→ **What to do**
Nothing but the text of the records should come back; copy it exactly and leave the pictures out.
══ Data records
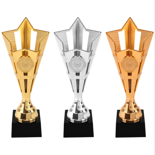 Kunststof trofee in goud-, zilver- of brons kleur verkrijgbaar.
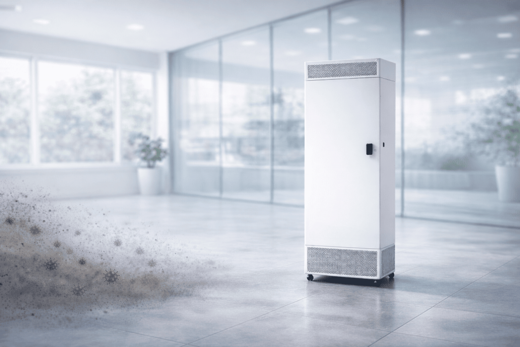 Effektive Luftreinigung für große Räume bis 146 m². Ideal für Gewerbe, Industrie und öffentliche Räume. Reduziert Aerosole, Feinstaub und Schadstoffe zuverlässig.
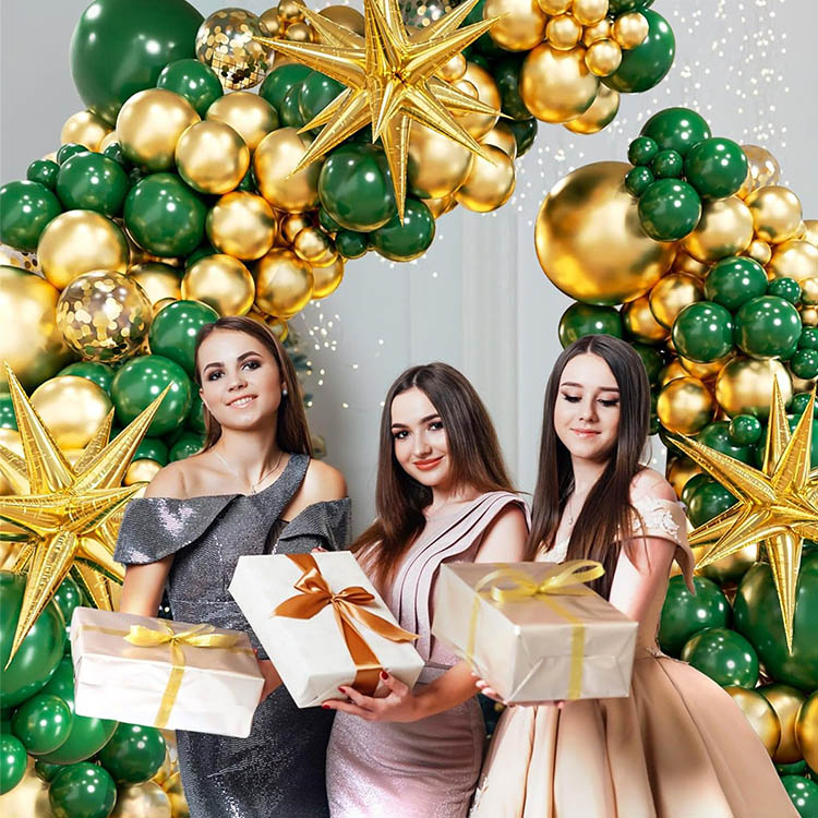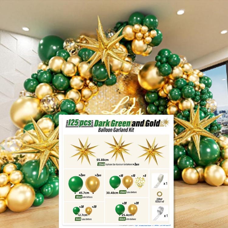 The product includes 3 sets of explosive star foil balloon. In order to make a layered effect, our gold and green balloons are designed with a combination of 5 "10" 12 "18" balloons. Forest theme Gold Star balloon arch is deeply loved by customers.
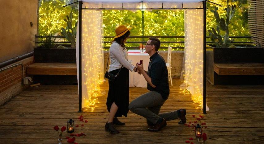 Anabel: I thought Jake was out of town working. My girlfriends and I were gonna have a photoshoot downtown and then grab some dinner (they tricked me into dressing up). When we got to the restaurant, all the workers were being weird and awkward, but I was still pretty oblivious as to what was going on. One of my friends suggested that we go to the rooftop, but me being awkward was bent on staying downstairs. Finally, they convinced me that we should go upstairs and when I opened the door, Jake was standing there. Our song was playing and there was a beautiful flower pedal runway that led to a white canopy. Our pictures were hung up on the walls; everything looked so perfect! We talked for a bit (I was shocked he was in town) and then he started giving his very sweet romantic speech. He said some words in English. He said some words in Spanish. I cried. He asked me if I wanted to marry him, I said yes, and then he replied, “Are you sure?” And I said, “YES!” Jake: I asked Anabel to marry me. She said “yes”. Here you are
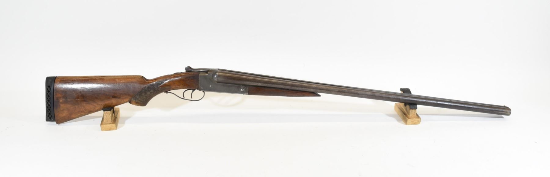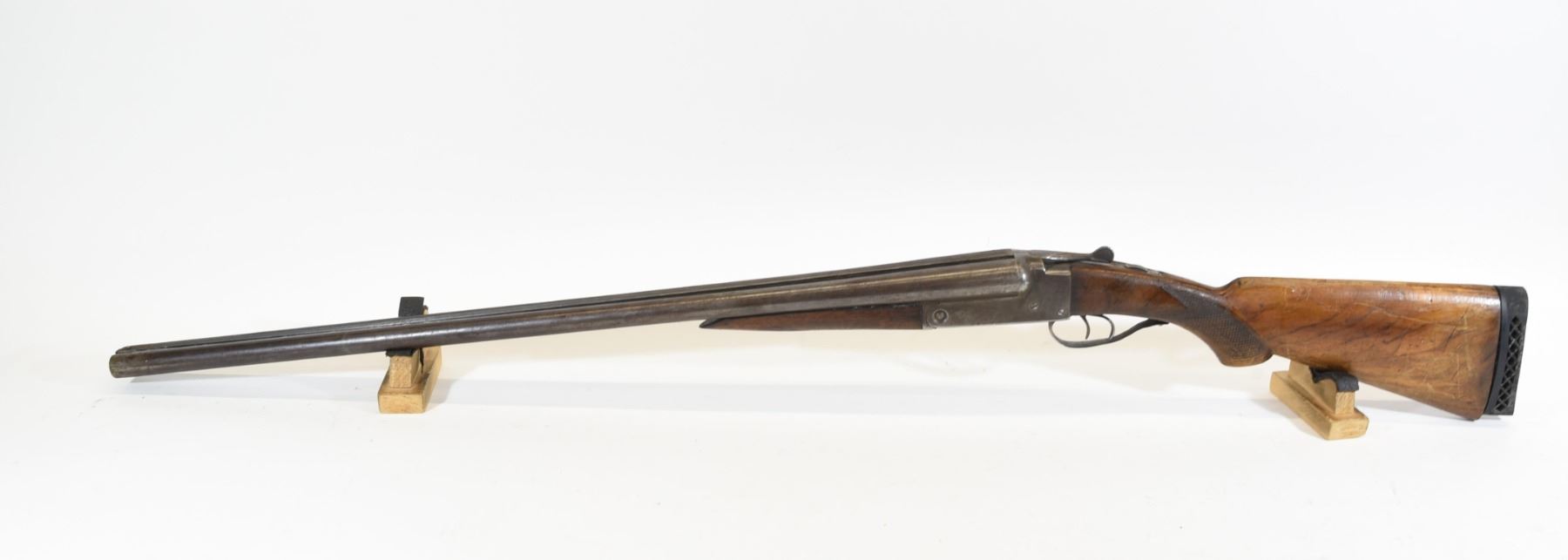 Non-restricted, 12ga, side x side, 30" barrels, SN N/A. Wood stock has many dents and scratches as well as a crack on both the upper and lower tangs. Bluing has gone brown and is going grey with several scratches. Bores both have small bulges, but are good otherwise.
════
→ **Solved problem**
 Kunststof trofee in goud-, zilver- of brons kleur verkrijgbaar.
 Effektive Luftreinigung für große Räume bis 146 m². Ideal für Gewerbe, Industrie und öffentliche Räume. Reduziert Aerosole, Feinstaub und Schadstoffe zuverlässig.
 The product includes 3 sets of explosive star foil balloon. In order to make a layered effect, our gold and green balloons are designed with a combination of 5 "10" 12 "18" balloons. Forest theme Gold Star balloon arch is deeply loved by customers.
 Anabel: I thought Jake was out of town working. My girlfriends and I were gonna have a photoshoot downtown and then grab some dinner (they tricked me into dressing up). When we got to the restaurant, all the workers were being weird and awkward, but I was still pretty oblivious as to what was going on. One of my friends suggested that we go to the rooftop, but me being awkward was bent on staying downstairs. Finally, they convinced me that we should go upstairs and when I opened the door, Jake was standing there. Our song was playing and there was a beautiful flower pedal runway that led to a white canopy. Our pictures were hung up on the walls; everything looked so perfect! We talked for a bit (I was shocked he was in town) and then he started giving his very sweet romantic speech. He said some words in English. He said some words in Spanish. I cried. He asked me if I wanted to marry him, I said yes, and then he replied, “Are you sure?” And I said, “YES!” Jake: I asked Anabel to marry me. She said “yes”. Here you are
 Non-restricted, 12ga, side x side, 30" barrels, SN N/A. Wood stock has many dents and scratches as well as a crack on both the upper and lower tangs. Bluing has gone brown and is going grey with several scratches. Bores both have small bulges, but are good otherwise.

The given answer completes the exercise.